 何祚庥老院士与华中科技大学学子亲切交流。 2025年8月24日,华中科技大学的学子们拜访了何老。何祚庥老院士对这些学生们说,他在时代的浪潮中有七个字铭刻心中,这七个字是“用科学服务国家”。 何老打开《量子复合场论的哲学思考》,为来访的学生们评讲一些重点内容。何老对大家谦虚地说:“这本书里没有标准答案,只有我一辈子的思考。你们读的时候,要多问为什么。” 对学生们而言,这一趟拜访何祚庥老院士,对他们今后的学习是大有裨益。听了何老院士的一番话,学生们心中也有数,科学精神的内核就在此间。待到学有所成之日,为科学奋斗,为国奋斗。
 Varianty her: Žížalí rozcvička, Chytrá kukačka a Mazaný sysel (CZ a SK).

==

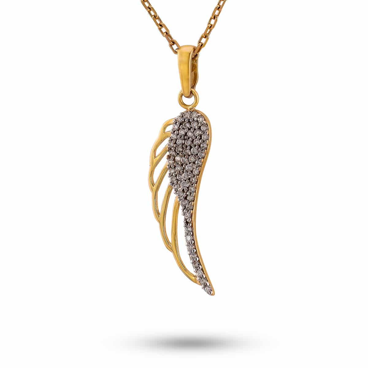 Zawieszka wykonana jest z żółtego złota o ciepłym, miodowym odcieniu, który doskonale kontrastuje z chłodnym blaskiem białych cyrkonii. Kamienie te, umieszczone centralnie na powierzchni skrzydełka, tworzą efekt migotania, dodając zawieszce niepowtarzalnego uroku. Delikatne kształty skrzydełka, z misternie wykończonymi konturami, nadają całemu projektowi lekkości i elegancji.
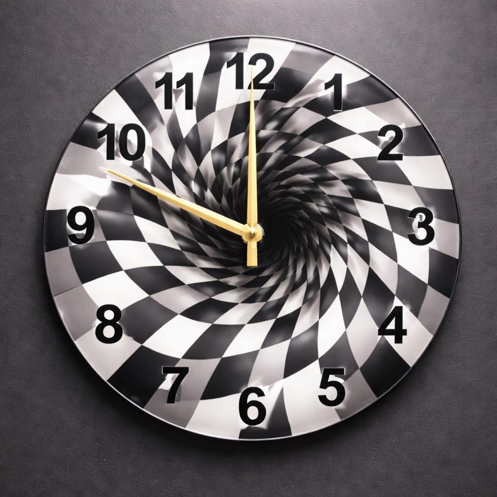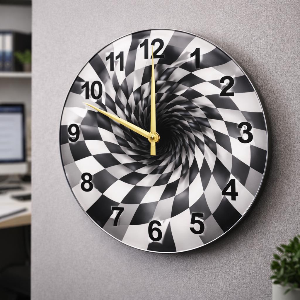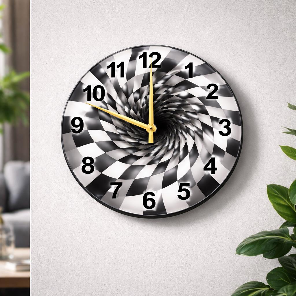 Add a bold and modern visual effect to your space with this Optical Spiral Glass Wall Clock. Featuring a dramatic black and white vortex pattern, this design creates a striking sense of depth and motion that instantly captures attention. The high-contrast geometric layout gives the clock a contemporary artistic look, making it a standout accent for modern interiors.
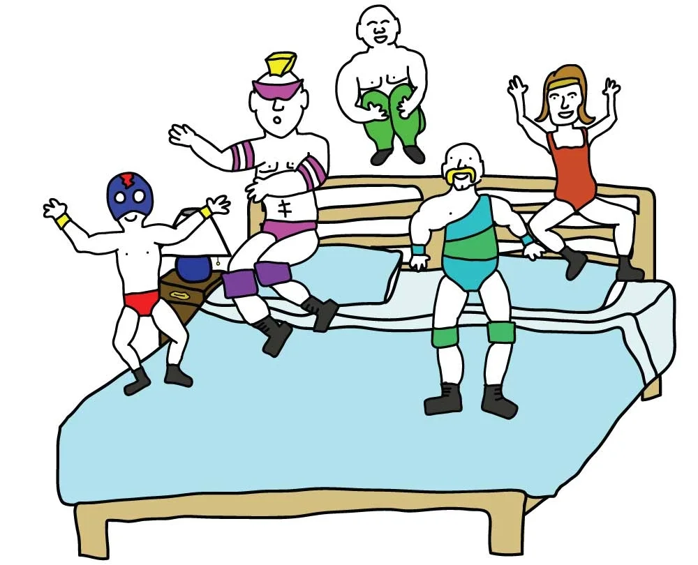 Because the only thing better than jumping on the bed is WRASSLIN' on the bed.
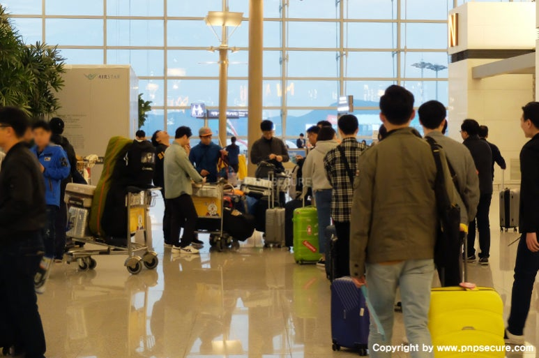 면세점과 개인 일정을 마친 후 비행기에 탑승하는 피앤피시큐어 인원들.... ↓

*ACTION ITEM:* When you reach the line that has "Add a bold and" in the data above, start repeating lines exactly, and stop after the line that has "면세점과 개인 일정을 마친 후 비행기에 탑승하는 피앤피시큐어 인원들.... ↓"; pictures stay out.

*WRITTEN SOLUTION:*
 Add a bold and modern visual effect to your space with this Optical Spiral Glass Wall Clock. Featuring a dramatic black and white vortex pattern, this design creates a striking sense of depth and motion that instantly captures attention. The high-contrast geometric layout gives the clock a contemporary artistic look, making it a standout accent for modern interiors.
 Because the only thing better than jumping on the bed is WRASSLIN' on the bed.
 면세점과 개인 일정을 마친 후 비행기에 탑승하는 피앤피시큐어 인원들.... ↓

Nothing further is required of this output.